INPUT DATA ->
^^^^^^^^

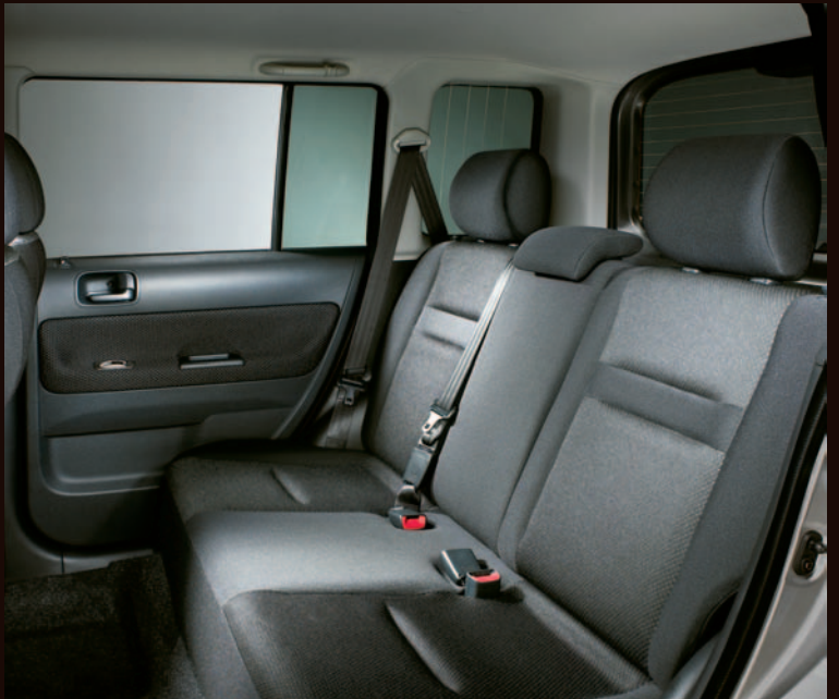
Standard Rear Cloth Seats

^^^^^^^^

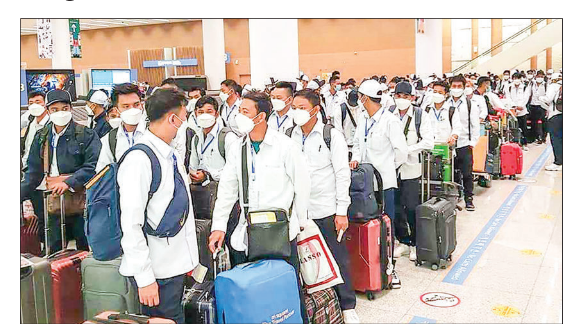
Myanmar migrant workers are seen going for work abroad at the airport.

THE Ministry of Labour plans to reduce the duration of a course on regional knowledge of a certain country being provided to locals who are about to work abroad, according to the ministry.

^^^^^^^^

YOUR GOAL -> Read each line of the data and count the ones that include "work", answering with the number alone.

PROBLEM SOLUTION -> 2